The Islamic movement could thus be trusted to stand by its word, making it a credible negotiating partner, while its apparent ability to extract concessions from Israel, unlike the hapless Palestinian Authority doing Israel’s bidding but getting no returns, enhanced Hamas’s stature among Palestinians.  For Israel these developments constituted a veritable disaster. It could no longer justify shunning Hamas, and it would be only a matter of time before international pressure in particular from the Europeans would be exerted on it to negotiate.

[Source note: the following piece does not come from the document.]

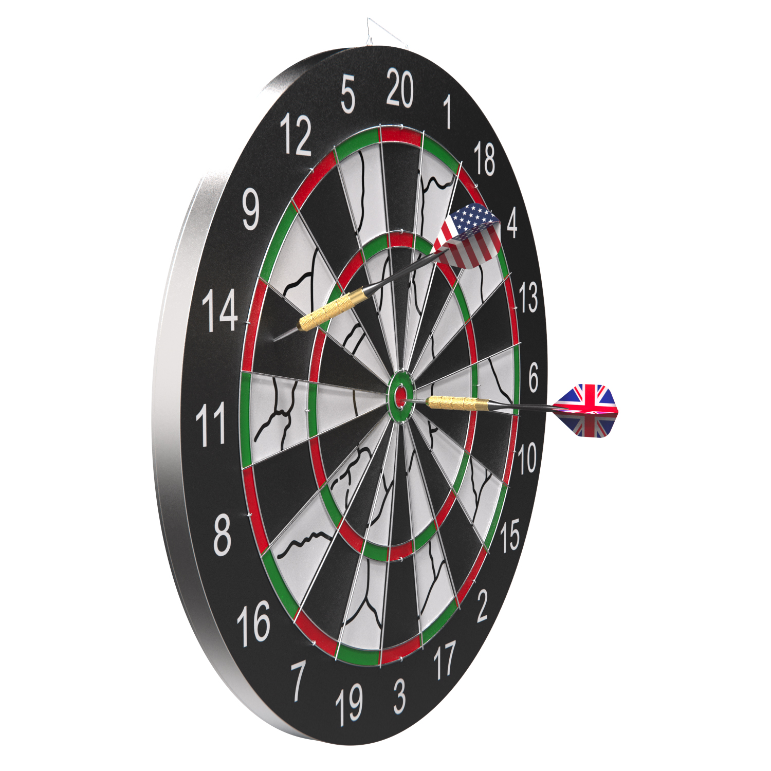 В комплект поставки входят 6 дротиков с пластиковыми наконечниками. Каждый дротик весит 16 грамм, что делает его легким и удобным для бросков. Кроме того, в комплекте идут флайты с американским и английским флагами, что делает эту мишень еще более интересной. Диаметр мишени составляет 34 см с одной стороны и 45 см — с другой.

The prospect of an incoming U.S. administration negotiating with Iran and Hamas, and moving closer to the international consensus for settling the Israel-Palestine conflict, which some U.S. policymakers now advocate, would have further highlighted Israel’s intransigence.  In an alternative scenario, speculated on by Nasrallah, the incoming American administration plans to convene an international peace conference of “Americans, Israelis, Europeans and so-called Arab moderates” to impose a settlement.  The one obstacle is “Palestinian resistance and the Hamas government in Gaza,” and “getting rid of this stumbling block is…the true goal of the war.”

In either case, Israel needed to provoke Hamas into breaking the truce, and then radicalize or destroy it, thereby eliminating it as a legitimate negotiating partner.  It is not the first time Israel confronted such a diabolical threat—an Arab League peace initiative, Palestinian support for a two-state settlement and a Palestinian ceasefire—and not the first time it embarked on provocation and war to overcome it.

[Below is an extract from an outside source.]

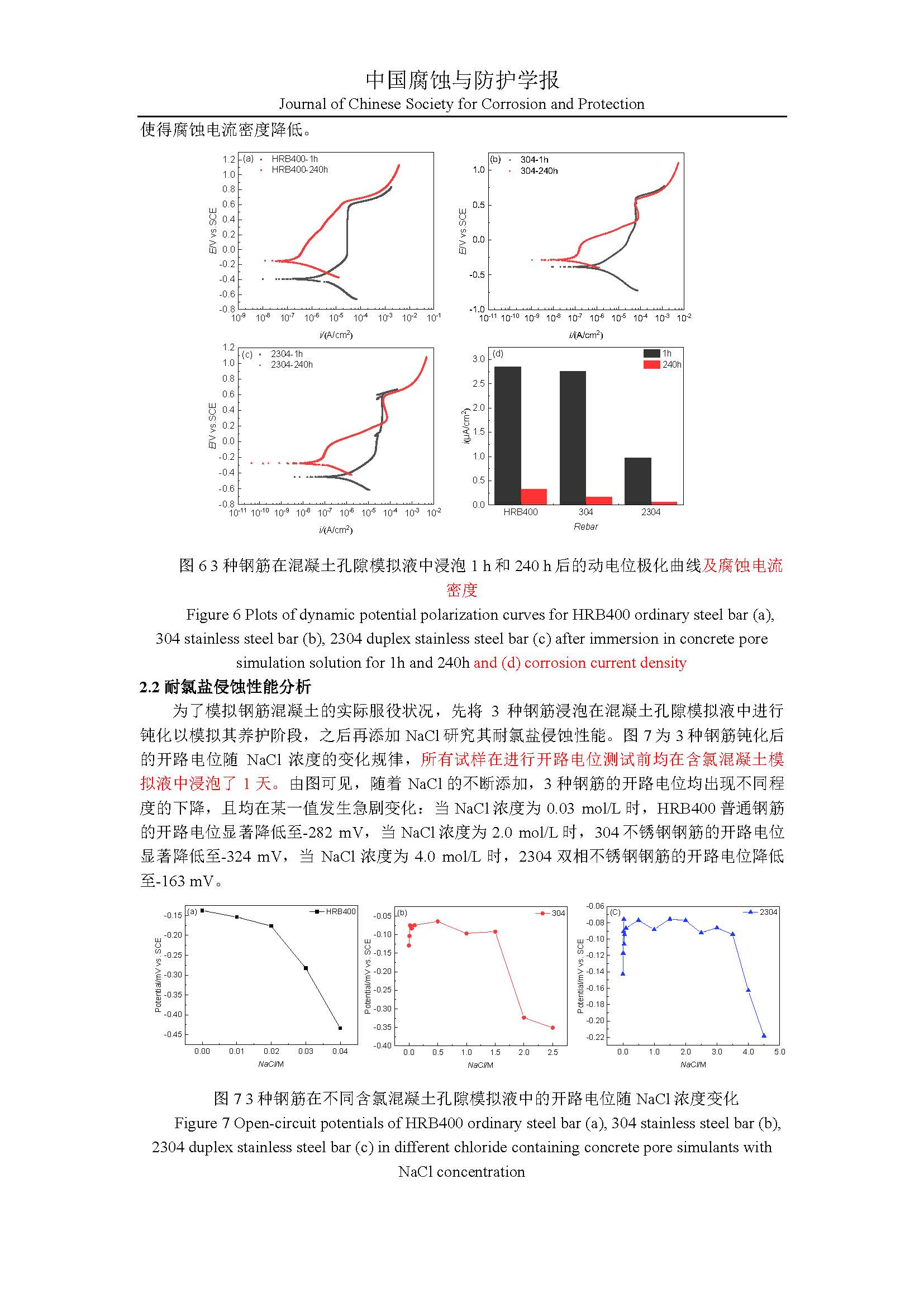 2304 双相不锈钢钢筋在混凝土孔隙模拟液中的电化学腐蚀行为研究

Israeli Foreign Minister Tzipi Livni stated in early December 2008 that although Israel wanted to create a temporary period of calm with Hamas, an extended truce “harms the Israeli strategic goal, empowers Hamas, and gives the impression that Israel recognizes the movement.” Translation: a protracted ceasefire that enhanced Hamas’s credibility would have undermined Israel’s strategic goal of retaining control of the West Bank.  As far back as March 2007 Israel had decided on attacking Hamas, and only negotiated the June truce because “the Israeli army needed time to prepare.” Once all the pieces were in place, Israel only lacked a pretext.  On 4 November, while the American media were riveted on election day, Israel broke the ceasefire by killing seven Palestinian militants, on the flimsy excuse that Hamas was digging a tunnel to abduct Israeli soldiers, and knowing full well that its operation would provoke Hamas into hitting back. “Last week’s ‘ticking tunnel,’ dug ostensibly to facilitate the abduction of Israeli soldiers,” Haaretz reported in mid-November was not a clear and present danger: Its existence was always known and its use could have been prevented on the Israeli side, or at least the soldiers stationed beside it removed from harm’s way.  It is impossible to claim that those who decided to blow up the tunnel were simply being thoughtless.  The military establishment was aware of the immediate implications of the measure, as well as of the fact that the policy of “controlled entry” into a narrow area of the Strip leads to the same place: an end to the lull.  That is policy—not a tactical decision by a commander on the ground.

After Hamas predictably resumed its rocket attacks “[i]n retaliation” (Israeli Intelligence and Terrorism Information Center), Israel could embark on yet another murderous invasion in order to foil yet another Palestinian peace offensive.

The historical context of this conflict is illuminating; that Israel repeatedly has foiled every attempt at peace with its neighbors the Palestinians is clear today, despite the elaborate claims and provocations to the contrary.  It’s for this reason I have chided the present Obama administration by saying this handwriting is on the wall; unless a strong Western government says to the Israelis it won’t fall for or accept their spin in the face of repeated attempts by the Palestinians towards peace  Israel must face being outed for the pariah it really is…if such an unequivocal statement isn’t made, Israeli genocide and atrocities against the Palestinians will continue and even escalate.  The present escalation of the conflict is a clear example.